→ **Problem**
Write out again, unchanged, the line that has "Cô Hồ Ngọc Hoa" and each following line through the end of the entries below; leave pictures out.

╔══

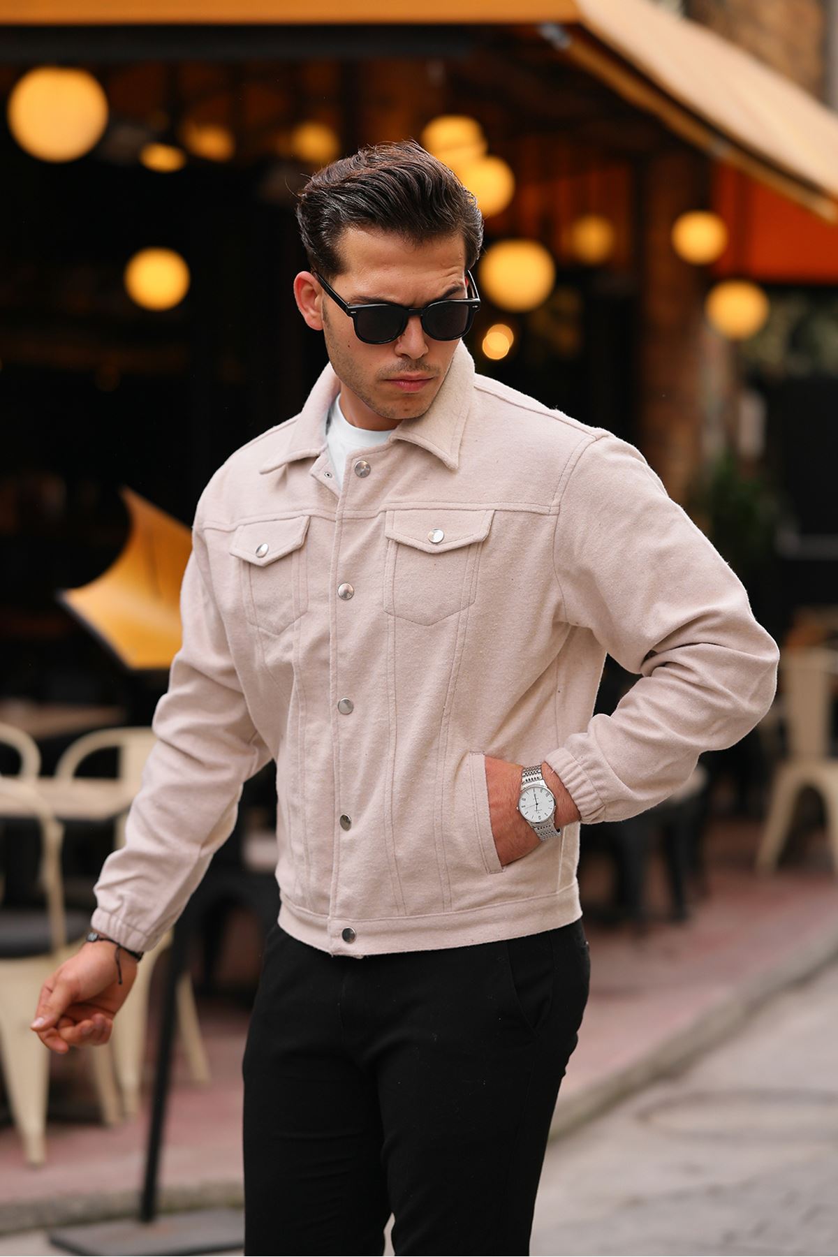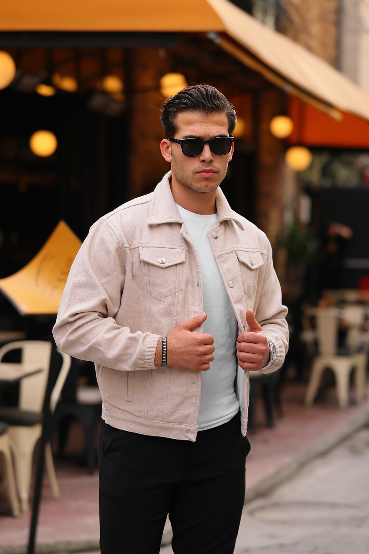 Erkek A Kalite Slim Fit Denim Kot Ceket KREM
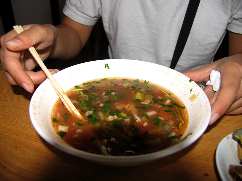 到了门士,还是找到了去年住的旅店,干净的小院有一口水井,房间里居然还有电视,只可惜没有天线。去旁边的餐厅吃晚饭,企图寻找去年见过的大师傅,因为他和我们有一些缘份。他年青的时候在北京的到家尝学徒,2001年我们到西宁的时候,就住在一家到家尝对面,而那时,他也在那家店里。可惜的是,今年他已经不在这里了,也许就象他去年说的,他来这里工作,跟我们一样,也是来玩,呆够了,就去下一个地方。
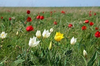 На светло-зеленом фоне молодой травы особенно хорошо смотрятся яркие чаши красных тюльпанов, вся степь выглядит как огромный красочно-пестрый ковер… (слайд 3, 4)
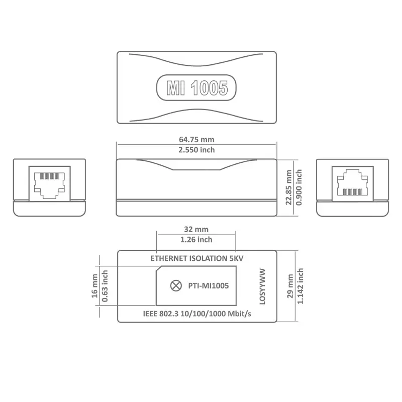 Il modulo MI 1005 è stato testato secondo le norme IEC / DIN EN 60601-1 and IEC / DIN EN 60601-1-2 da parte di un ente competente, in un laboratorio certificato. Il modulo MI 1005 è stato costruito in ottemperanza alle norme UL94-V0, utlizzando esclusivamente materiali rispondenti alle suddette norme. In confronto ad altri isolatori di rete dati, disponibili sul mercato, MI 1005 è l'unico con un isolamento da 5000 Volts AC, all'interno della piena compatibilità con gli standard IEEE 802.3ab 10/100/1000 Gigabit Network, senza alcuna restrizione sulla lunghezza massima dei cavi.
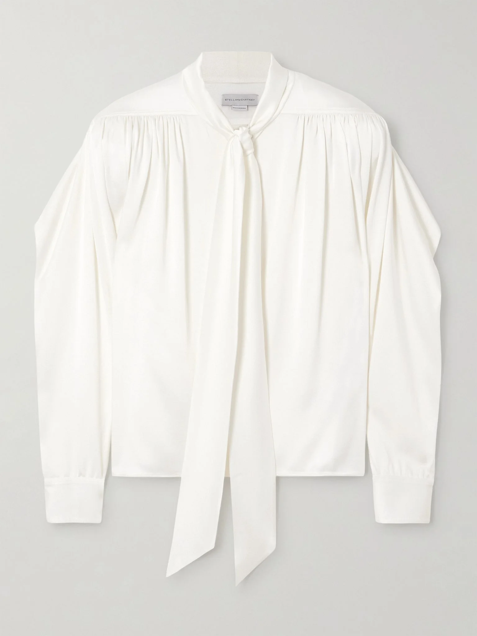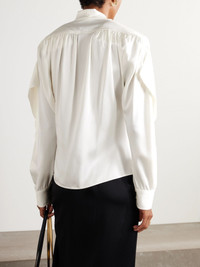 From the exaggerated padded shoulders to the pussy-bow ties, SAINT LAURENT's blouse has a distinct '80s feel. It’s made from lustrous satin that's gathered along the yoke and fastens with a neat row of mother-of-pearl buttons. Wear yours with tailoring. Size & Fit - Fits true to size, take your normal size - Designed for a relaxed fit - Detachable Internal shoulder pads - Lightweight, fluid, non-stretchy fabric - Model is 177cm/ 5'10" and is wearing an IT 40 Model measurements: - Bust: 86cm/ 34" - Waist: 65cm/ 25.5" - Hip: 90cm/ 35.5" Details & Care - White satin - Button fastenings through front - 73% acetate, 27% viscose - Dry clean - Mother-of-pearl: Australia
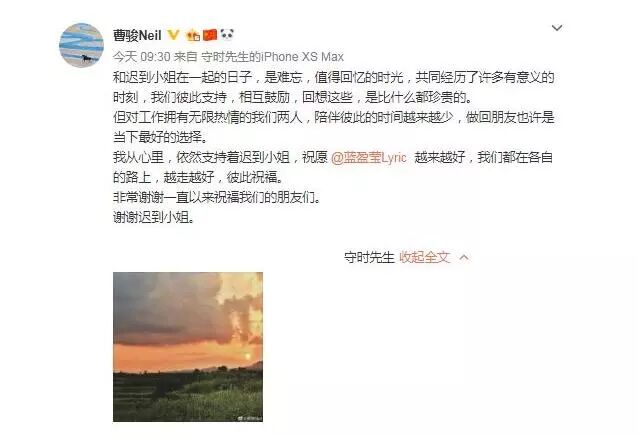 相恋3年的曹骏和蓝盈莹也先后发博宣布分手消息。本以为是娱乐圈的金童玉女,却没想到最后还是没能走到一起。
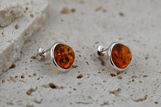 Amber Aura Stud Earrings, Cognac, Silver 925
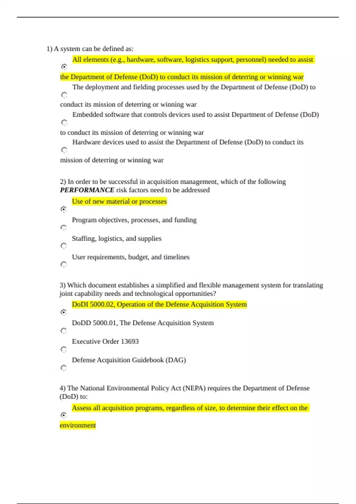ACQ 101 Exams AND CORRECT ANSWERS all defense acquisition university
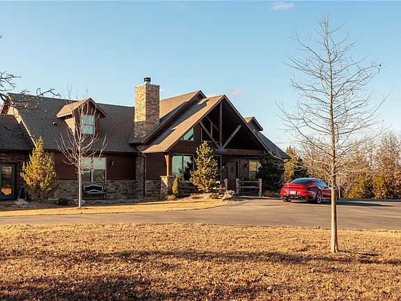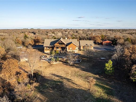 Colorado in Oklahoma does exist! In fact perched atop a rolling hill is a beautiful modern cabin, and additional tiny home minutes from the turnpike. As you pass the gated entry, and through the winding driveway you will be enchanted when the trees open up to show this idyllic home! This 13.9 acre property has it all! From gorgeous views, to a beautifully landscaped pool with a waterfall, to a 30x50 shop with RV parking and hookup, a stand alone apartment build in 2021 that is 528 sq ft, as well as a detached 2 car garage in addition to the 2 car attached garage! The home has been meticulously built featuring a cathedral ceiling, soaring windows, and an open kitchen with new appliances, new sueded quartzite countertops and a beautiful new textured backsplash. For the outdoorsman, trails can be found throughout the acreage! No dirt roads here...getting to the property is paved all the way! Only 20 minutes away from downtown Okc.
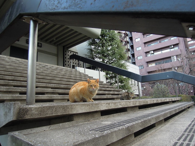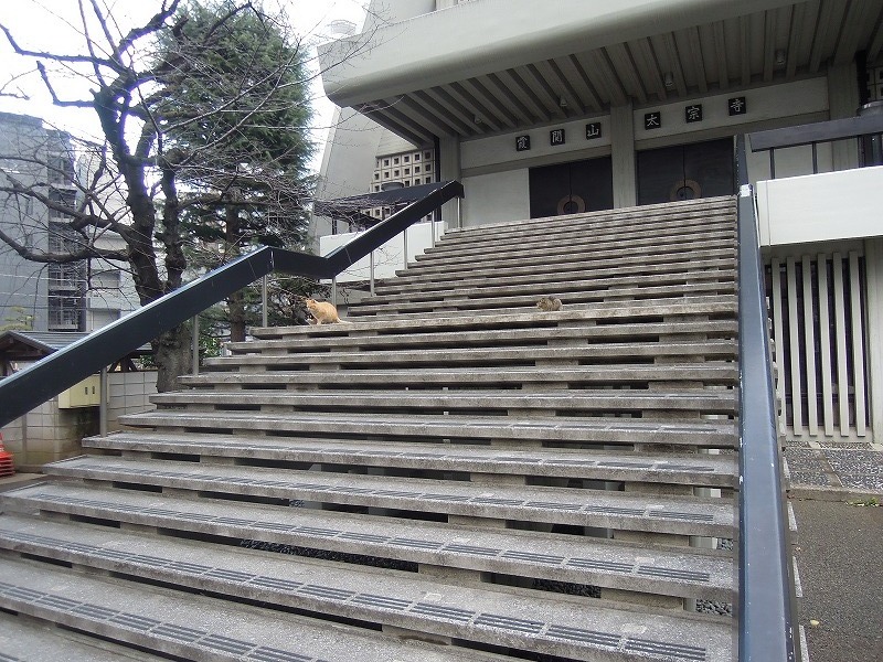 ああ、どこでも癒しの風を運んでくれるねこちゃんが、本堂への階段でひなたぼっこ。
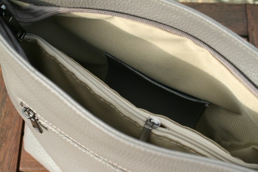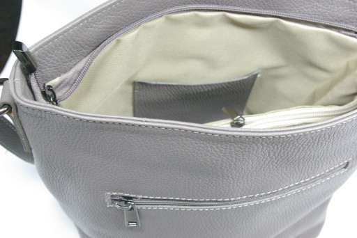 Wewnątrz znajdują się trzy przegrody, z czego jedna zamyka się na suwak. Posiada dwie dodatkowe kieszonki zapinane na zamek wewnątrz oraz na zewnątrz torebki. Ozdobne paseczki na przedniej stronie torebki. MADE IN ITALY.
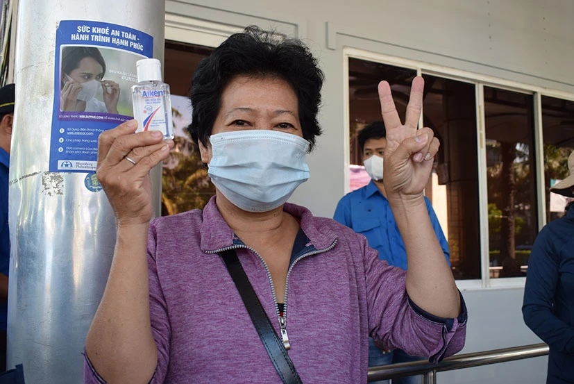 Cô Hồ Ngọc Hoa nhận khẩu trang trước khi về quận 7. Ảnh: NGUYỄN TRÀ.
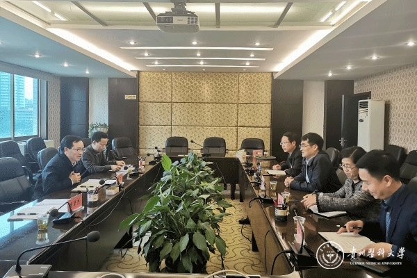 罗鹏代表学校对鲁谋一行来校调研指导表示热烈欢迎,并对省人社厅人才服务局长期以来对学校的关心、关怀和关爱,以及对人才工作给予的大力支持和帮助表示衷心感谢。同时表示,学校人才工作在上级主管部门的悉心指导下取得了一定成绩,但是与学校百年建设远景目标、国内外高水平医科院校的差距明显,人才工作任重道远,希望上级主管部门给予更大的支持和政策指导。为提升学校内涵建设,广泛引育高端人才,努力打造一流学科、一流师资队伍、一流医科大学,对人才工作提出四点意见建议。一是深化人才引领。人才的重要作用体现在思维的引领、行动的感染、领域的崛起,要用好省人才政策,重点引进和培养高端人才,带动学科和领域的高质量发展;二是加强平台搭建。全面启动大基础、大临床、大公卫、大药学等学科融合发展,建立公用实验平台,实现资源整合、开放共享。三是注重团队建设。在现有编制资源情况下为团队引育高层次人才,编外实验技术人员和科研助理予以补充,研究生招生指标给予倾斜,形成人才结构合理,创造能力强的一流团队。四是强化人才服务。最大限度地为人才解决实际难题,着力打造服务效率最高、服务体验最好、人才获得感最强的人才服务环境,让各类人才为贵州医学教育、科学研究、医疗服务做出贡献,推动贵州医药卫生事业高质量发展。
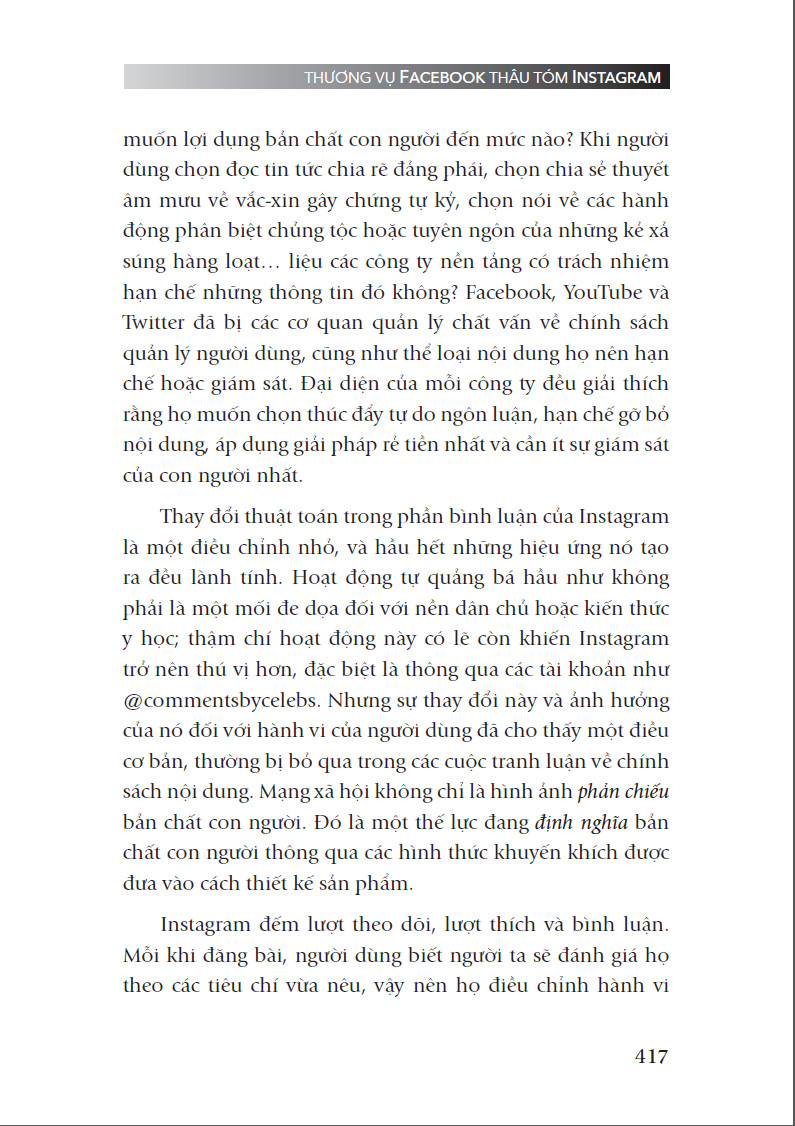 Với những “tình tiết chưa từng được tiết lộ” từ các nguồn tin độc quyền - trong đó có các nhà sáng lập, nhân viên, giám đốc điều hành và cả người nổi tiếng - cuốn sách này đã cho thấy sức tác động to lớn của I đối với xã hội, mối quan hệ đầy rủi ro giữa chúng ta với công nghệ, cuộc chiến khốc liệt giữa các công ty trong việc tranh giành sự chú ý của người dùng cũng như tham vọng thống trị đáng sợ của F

╚══

→ **Your solution**
 Cô Hồ Ngọc Hoa nhận khẩu trang trước khi về quận 7. Ảnh: NGUYỄN TRÀ.
 罗鹏代表学校对鲁谋一行来校调研指导表示热烈欢迎,并对省人社厅人才服务局长期以来对学校的关心、关怀和关爱,以及对人才工作给予的大力支持和帮助表示衷心感谢。同时表示,学校人才工作在上级主管部门的悉心指导下取得了一定成绩,但是与学校百年建设远景目标、国内外高水平医科院校的差距明显,人才工作任重道远,希望上级主管部门给予更大的支持和政策指导。为提升学校内涵建设,广泛引育高端人才,努力打造一流学科、一流师资队伍、一流医科大学,对人才工作提出四点意见建议。一是深化人才引领。人才的重要作用体现在思维的引领、行动的感染、领域的崛起,要用好省人才政策,重点引进和培养高端人才,带动学科和领域的高质量发展;二是加强平台搭建。全面启动大基础、大临床、大公卫、大药学等学科融合发展,建立公用实验平台,实现资源整合、开放共享。三是注重团队建设。在现有编制资源情况下为团队引育高层次人才,编外实验技术人员和科研助理予以补充,研究生招生指标给予倾斜,形成人才结构合理,创造能力强的一流团队。四是强化人才服务。最大限度地为人才解决实际难题,着力打造服务效率最高、服务体验最好、人才获得感最强的人才服务环境,让各类人才为贵州医学教育、科学研究、医疗服务做出贡献,推动贵州医药卫生事业高质量发展。
 Với những “tình tiết chưa từng được tiết lộ” từ các nguồn tin độc quyền - trong đó có các nhà sáng lập, nhân viên, giám đốc điều hành và cả người nổi tiếng - cuốn sách này đã cho thấy sức tác động to lớn của I đối với xã hội, mối quan hệ đầy rủi ro giữa chúng ta với công nghệ, cuộc chiến khốc liệt giữa các công ty trong việc tranh giành sự chú ý của người dùng cũng như tham vọng thống trị đáng sợ của F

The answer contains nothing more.